Kinetics of Excision Repair Synthesis Induced by N -Acetoxy-2-acetylaminofluorene and Ultraviolet Irradiation in Human Diploid Fibroblasts

Abstract
The rate of DNA repair synthesis was studied with the use of [3H)thymidine to pulse confluent, hydroxyurea-treated human diploid fibroblasts (WI-38) at intervals up to 76 hours after treatment with either 45 erg UV irradiation/mm2 or 10 μM N-ace-toxy-2-acetylaminofluorene (NA-AAF). These doses induced equal repair incorporation during the first 4 hours after exposure. During this Initial period, the UV-treated cells showed an almost linear increase in repair synthesis, whereas the chemically treated cells showed a lag from 0 to 30 minutes, followed by a linear incorporation from 30 minutes to 4 hours. After UV exposure, the rate of DNA repair synthesis was highest from 0 to 4 hours and decreased considerably by 8–12 hours, so that by 24–28 hours, the rate was only 20% of that from 0 to 4 hours; by 72–76 hours, incorporation was close to levels of the nonirradiated controls.
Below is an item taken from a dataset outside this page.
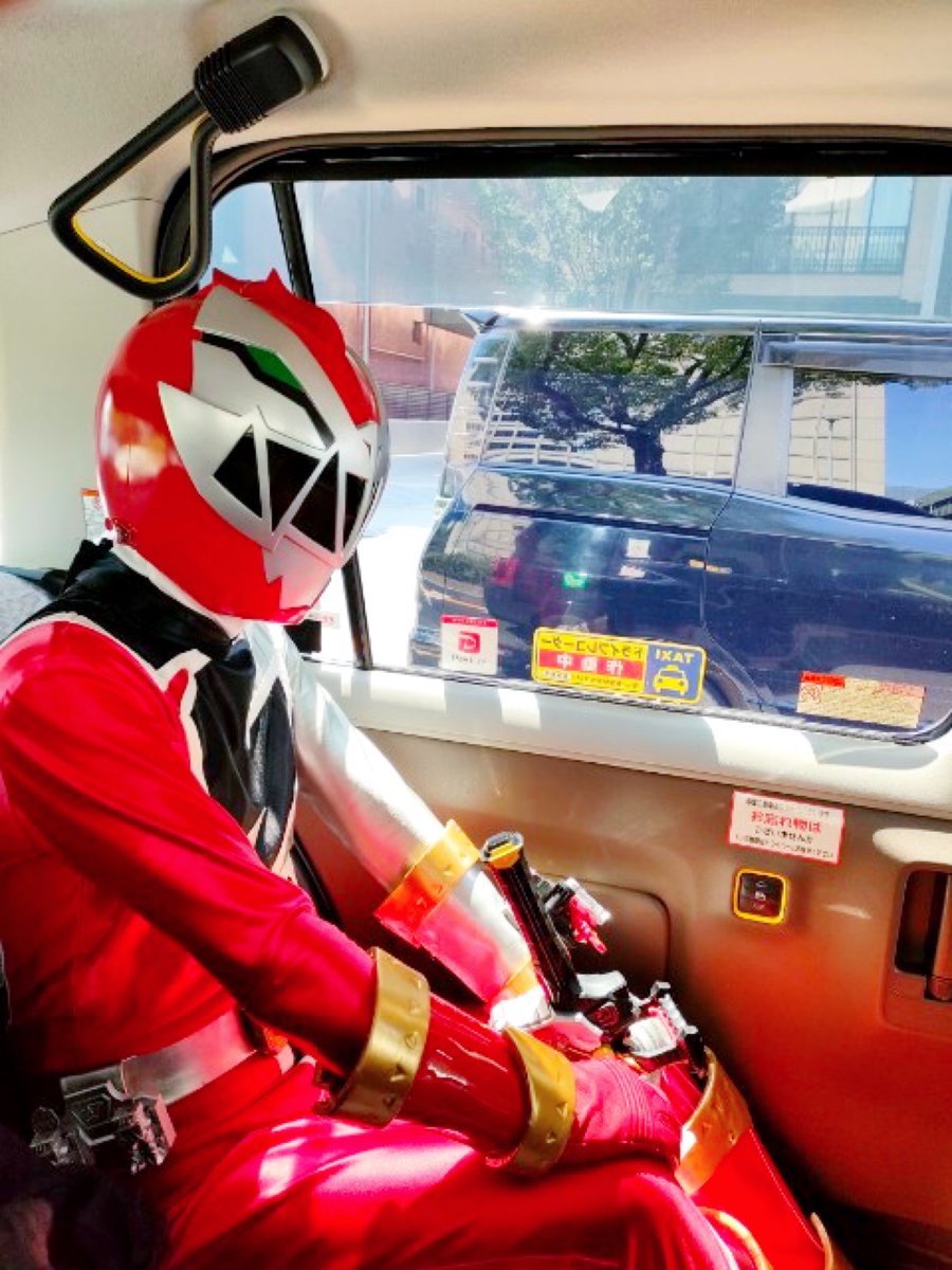 ティラミーゴが乗せてくれなかったのでタクシーで移動💦 タクシー運転手の方がすごく心配してくれて冷えピタをくださいました。とっても優しい…🙇♂️ #リュウソウジャー #コスプレ #コスサミ #コスサミ2023

The rate of repair synthesis after continuous NA-AAF administration decreased much more slowly, and by 72–76 hours was still about 50% of that from 0 to 4 hours. Removal of NA-AAF from the cultures at 4 hours reduced the 72- to 76- hour Incorporation to 30% of the 0- to 4-hour value. These characteristic profiles of DNA repair synthesis were observed through a range of doses of both UV and NA-AAF, from conditions where cell survival was good to conditions approaching lethality.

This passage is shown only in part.